───── AVAILABLE RECORDS
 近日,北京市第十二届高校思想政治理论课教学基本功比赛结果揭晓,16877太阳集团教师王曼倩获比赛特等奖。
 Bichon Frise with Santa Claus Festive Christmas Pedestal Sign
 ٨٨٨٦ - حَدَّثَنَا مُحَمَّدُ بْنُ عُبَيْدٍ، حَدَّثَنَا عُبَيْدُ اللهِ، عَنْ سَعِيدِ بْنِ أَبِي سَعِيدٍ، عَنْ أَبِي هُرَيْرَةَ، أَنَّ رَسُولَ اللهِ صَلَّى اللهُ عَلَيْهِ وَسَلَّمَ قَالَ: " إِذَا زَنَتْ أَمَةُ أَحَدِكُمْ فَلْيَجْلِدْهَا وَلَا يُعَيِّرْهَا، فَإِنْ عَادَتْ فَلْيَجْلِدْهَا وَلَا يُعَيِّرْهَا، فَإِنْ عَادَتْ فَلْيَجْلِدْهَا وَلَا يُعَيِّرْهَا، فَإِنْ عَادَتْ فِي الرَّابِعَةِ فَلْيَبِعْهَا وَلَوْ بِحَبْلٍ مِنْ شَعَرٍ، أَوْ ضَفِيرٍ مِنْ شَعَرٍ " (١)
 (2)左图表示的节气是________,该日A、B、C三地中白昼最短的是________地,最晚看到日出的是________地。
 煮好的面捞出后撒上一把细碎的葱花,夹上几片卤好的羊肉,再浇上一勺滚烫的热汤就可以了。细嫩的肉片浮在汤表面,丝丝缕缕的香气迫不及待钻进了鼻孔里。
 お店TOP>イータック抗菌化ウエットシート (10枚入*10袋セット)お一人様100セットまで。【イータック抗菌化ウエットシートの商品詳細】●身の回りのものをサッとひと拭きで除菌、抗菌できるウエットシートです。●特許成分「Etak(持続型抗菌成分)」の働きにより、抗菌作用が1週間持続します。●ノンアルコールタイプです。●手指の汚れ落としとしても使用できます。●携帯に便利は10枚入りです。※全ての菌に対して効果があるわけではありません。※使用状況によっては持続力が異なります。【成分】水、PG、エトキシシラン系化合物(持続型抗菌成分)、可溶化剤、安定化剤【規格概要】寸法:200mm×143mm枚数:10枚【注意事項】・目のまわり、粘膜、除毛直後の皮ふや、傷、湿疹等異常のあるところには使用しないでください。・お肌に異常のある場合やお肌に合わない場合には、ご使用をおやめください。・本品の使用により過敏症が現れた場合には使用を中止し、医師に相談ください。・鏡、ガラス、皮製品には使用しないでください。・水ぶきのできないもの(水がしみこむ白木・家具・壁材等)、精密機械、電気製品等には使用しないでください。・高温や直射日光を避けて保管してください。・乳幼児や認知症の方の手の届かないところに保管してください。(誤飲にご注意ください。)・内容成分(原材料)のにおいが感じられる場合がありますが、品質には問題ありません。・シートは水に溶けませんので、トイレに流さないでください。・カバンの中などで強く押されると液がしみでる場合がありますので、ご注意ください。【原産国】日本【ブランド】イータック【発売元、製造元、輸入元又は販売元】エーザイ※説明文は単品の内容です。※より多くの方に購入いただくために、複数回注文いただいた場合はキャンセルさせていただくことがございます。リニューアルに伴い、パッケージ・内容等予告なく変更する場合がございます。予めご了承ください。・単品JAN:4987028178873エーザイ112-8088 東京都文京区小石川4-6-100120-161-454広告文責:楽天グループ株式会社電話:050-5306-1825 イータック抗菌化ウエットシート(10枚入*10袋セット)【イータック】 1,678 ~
──────────
───── AVAILABLE RECORDS
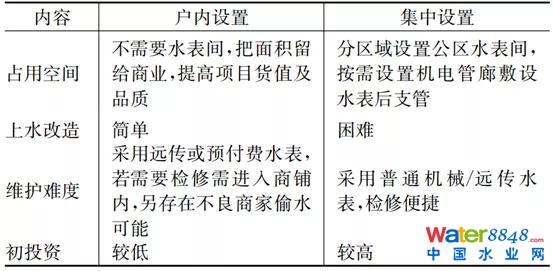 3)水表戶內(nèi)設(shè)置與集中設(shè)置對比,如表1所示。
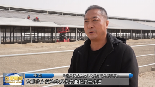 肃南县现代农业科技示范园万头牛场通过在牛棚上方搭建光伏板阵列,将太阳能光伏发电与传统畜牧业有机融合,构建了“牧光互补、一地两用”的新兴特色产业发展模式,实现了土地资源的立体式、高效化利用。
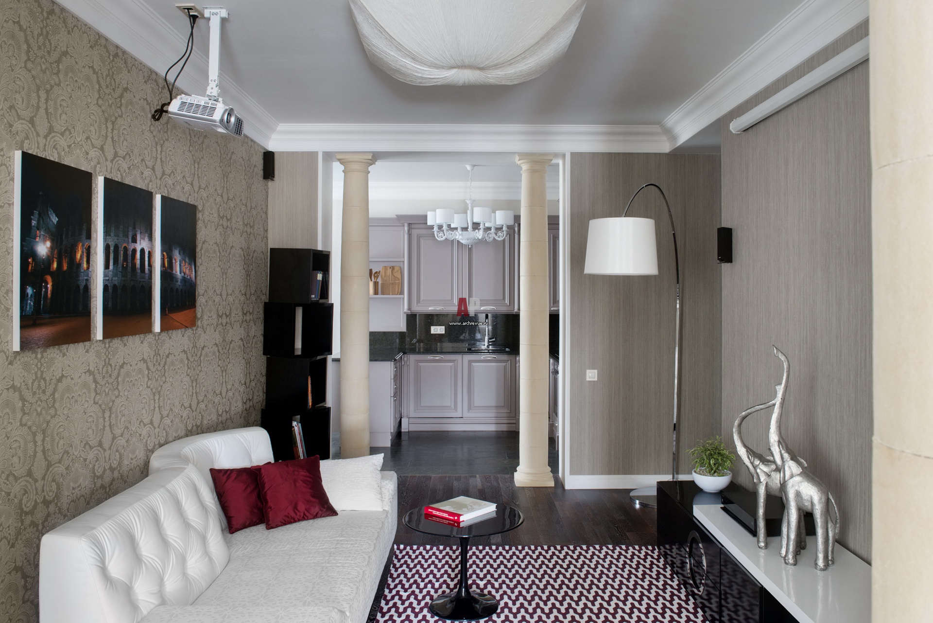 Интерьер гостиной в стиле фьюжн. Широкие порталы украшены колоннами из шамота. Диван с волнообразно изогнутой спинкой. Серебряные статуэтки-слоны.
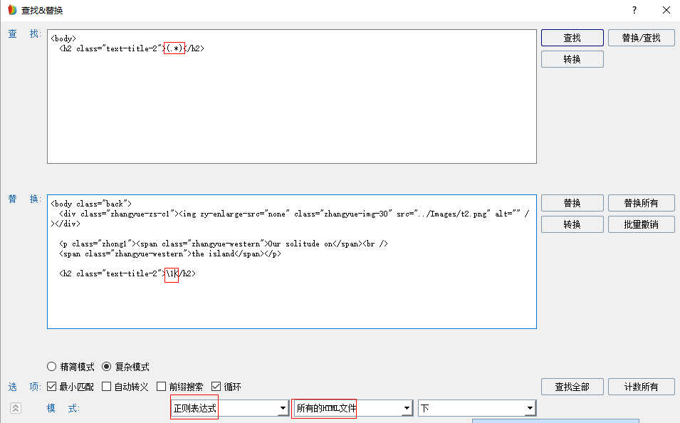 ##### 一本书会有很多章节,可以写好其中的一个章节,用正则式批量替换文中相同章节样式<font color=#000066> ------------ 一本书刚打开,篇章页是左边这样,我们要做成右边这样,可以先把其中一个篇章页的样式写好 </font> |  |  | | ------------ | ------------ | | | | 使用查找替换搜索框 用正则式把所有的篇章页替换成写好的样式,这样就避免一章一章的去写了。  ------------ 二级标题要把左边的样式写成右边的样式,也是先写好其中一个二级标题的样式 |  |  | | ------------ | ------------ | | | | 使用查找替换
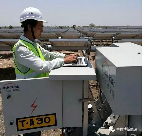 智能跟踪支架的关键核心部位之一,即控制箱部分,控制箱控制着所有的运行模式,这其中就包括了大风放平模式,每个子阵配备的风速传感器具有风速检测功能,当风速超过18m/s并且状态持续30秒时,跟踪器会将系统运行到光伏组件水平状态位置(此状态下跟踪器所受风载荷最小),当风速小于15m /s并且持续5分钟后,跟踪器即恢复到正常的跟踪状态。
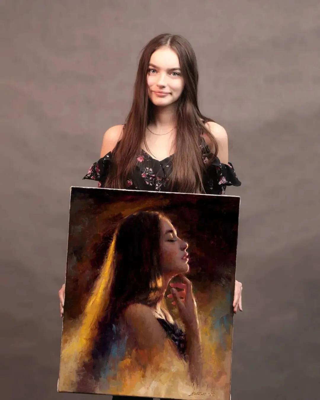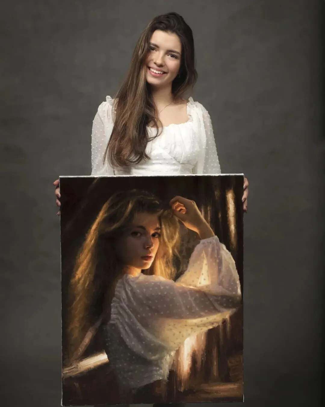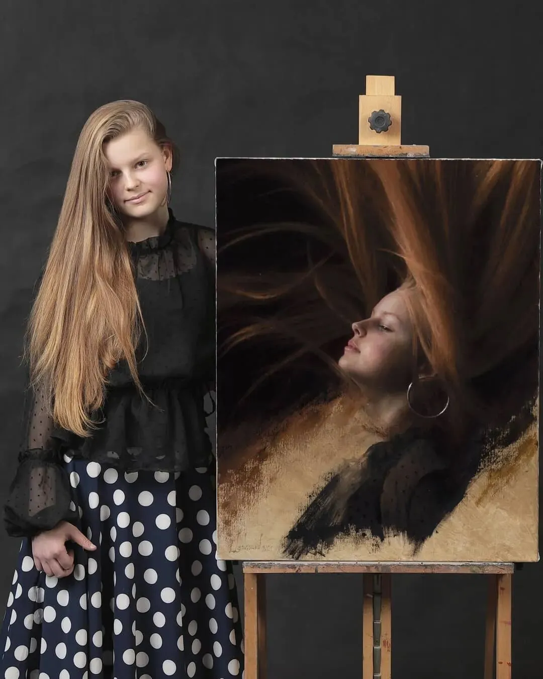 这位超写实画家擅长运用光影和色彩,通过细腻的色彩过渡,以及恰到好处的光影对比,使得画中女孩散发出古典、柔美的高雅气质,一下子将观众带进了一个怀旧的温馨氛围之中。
──────────
ASSIGNMENT: Extract, without any images, the part of the material above that opens with the line containing "智能跟踪支架的关键核心部位之" and closes with the line containing "这位超写实画家擅长运用光影和", both lines included.

SOLUTION BELOW:
 智能跟踪支架的关键核心部位之一,即控制箱部分,控制箱控制着所有的运行模式,这其中就包括了大风放平模式,每个子阵配备的风速传感器具有风速检测功能,当风速超过18m/s并且状态持续30秒时,跟踪器会将系统运行到光伏组件水平状态位置(此状态下跟踪器所受风载荷最小),当风速小于15m /s并且持续5分钟后,跟踪器即恢复到正常的跟踪状态。
 这位超写实画家擅长运用光影和色彩,通过细腻的色彩过渡,以及恰到好处的光影对比,使得画中女孩散发出古典、柔美的高雅气质,一下子将观众带进了一个怀旧的温馨氛围之中。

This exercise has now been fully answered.